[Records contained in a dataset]
▽

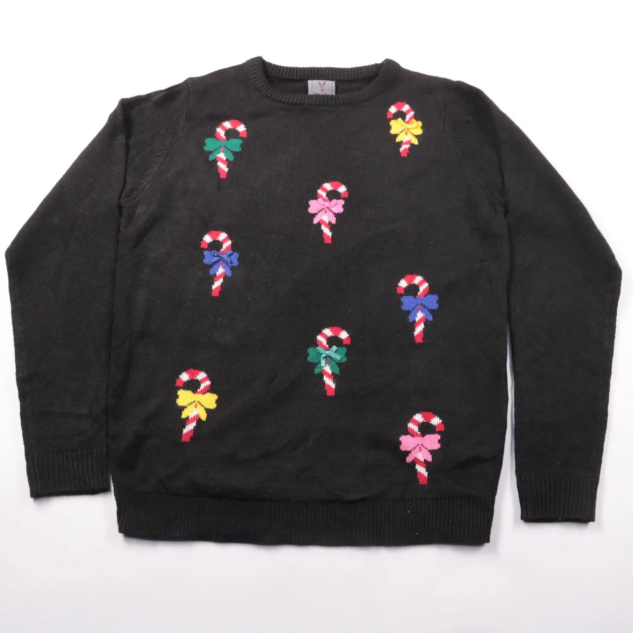 Свитер Blue Motion чёрного цвета с жаккардовым узором в виде новогодних леденцов. Подойдёт для зимних прогулок и уютных образов на каждый день. Акриловый трикотаж прост в уходе и хорошо держит форму.
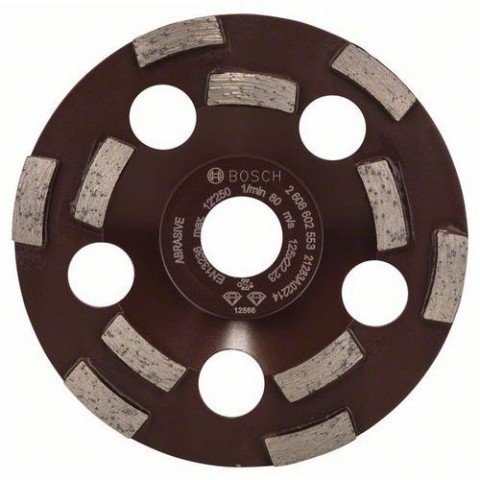 Optimalizovaný kotouč na vápennou omítku a potěrový beton. Tvrdé kovové pojivo odolá i zátěži při broušení abrazivních materiálů. Hodí se pro velkoplošný úběr abrazivních materiálů, jako je vápenná omítka, potěr (podklad podlahy), pískovec nebo velmi abrazivní beton - nehodí se pro broušení tvrdých materiálů. Pájené segmenty. Dvě řady segmentů pro rovné obroušení. Maximální nevyváženost 50 g*mm pro práci bez vibrací balení: 1 x BAL, 1ks v BAL o otvoru hřídele: 22,23 mm nevyváženost, max. g*mm: 50 o: 125 mm tloušťka čepele: 4,5 mmBosch - Diamantový hrncový kotouč Expert for Abrasive 125 x 22,23 x 4,5 mm
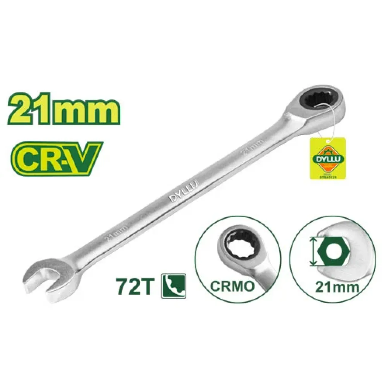 Համակցված  բանալի ճռիկով 286 մմ Dyllu DTSA5121Համակցված  բանալի ճռիկով 21 մմԵրկարությունը՝ 286 մմՄարմնի նյութը՝ Cr-VԳլխի նյութը՝ CrMo RatchetDrop , կարծրացվածՔրոմապատ, անփայլ ծածկույթՓա...
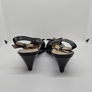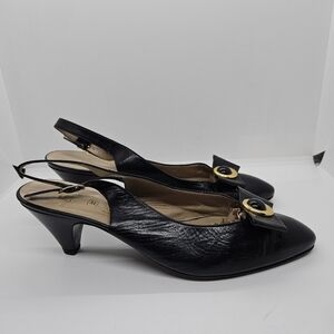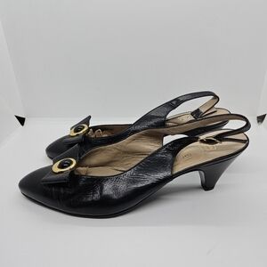 Bruno Magli vintage black leather slingback kitten heels with bow detail 7.5B
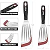 - [Flexible and Sturdy] Our fish spatula stainless steel is 0.8mm thin, with a curved design and beveled edges for easy to slide beneath and flip food. It can also easily lift heavy foods, balancing flexibility and strength. The slotted spatulas designed to drain excess oil and grease.
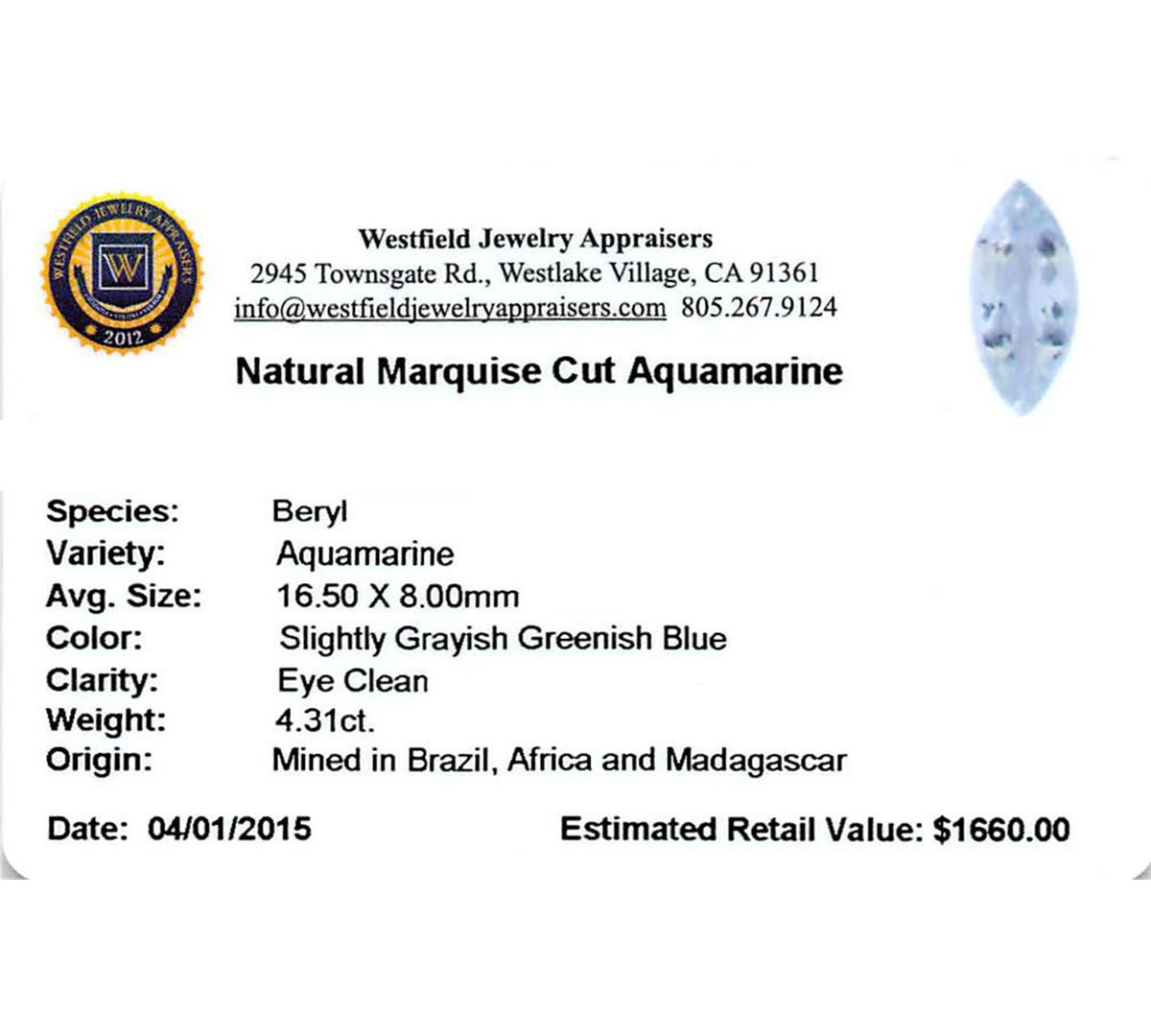 One pear cut natural aquamarine exact weight 7.91ct., clarity is slightly included, type I, medium, slightly grayish, very slightly greenish blue color, (GIA vslgB 5/2), cut is good. Westfield Appraised at $3,045.00.
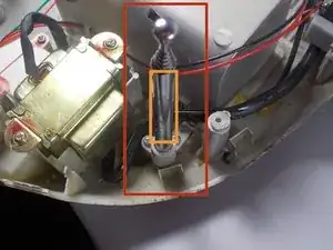 Сдвиньте нижнюю оболочку назад немного перед тем, как поднимать её вверх. Пластиковая нижняя часть поднимется прямо, но имеется выступ, который заходит под чёрную ручку, и его сначала нужно освободить, как показано на изображении слева.

△

EXERCISE PROMPT: Could you output every entry exactly as written, skipping the pictures?

THE COMPLETED TASK:
 Свитер Blue Motion чёрного цвета с жаккардовым узором в виде новогодних леденцов. Подойдёт для зимних прогулок и уютных образов на каждый день. Акриловый трикотаж прост в уходе и хорошо держит форму.
 Optimalizovaný kotouč na vápennou omítku a potěrový beton. Tvrdé kovové pojivo odolá i zátěži při broušení abrazivních materiálů. Hodí se pro velkoplošný úběr abrazivních materiálů, jako je vápenná omítka, potěr (podklad podlahy), pískovec nebo velmi abrazivní beton - nehodí se pro broušení tvrdých materiálů. Pájené segmenty. Dvě řady segmentů pro rovné obroušení. Maximální nevyváženost 50 g*mm pro práci bez vibrací balení: 1 x BAL, 1ks v BAL o otvoru hřídele: 22,23 mm nevyváženost, max. g*mm: 50 o: 125 mm tloušťka čepele: 4,5 mmBosch - Diamantový hrncový kotouč Expert for Abrasive 125 x 22,23 x 4,5 mm
 Համակցված  բանալի ճռիկով 286 մմ Dyllu DTSA5121Համակցված  բանալի ճռիկով 21 մմԵրկարությունը՝ 286 մմՄարմնի նյութը՝ Cr-VԳլխի նյութը՝ CrMo RatchetDrop , կարծրացվածՔրոմապատ, անփայլ ծածկույթՓա...
 Bruno Magli vintage black leather slingback kitten heels with bow detail 7.5B
 - [Flexible and Sturdy] Our fish spatula stainless steel is 0.8mm thin, with a curved design and beveled edges for easy to slide beneath and flip food. It can also easily lift heavy foods, balancing flexibility and strength. The slotted spatulas designed to drain excess oil and grease.
 One pear cut natural aquamarine exact weight 7.91ct., clarity is slightly included, type I, medium, slightly grayish, very slightly greenish blue color, (GIA vslgB 5/2), cut is good. Westfield Appraised at $3,045.00.
 Сдвиньте нижнюю оболочку назад немного перед тем, как поднимать её вверх. Пластиковая нижняя часть поднимется прямо, но имеется выступ, который заходит под чёрную ручку, и его сначала нужно освободить, как показано на изображении слева.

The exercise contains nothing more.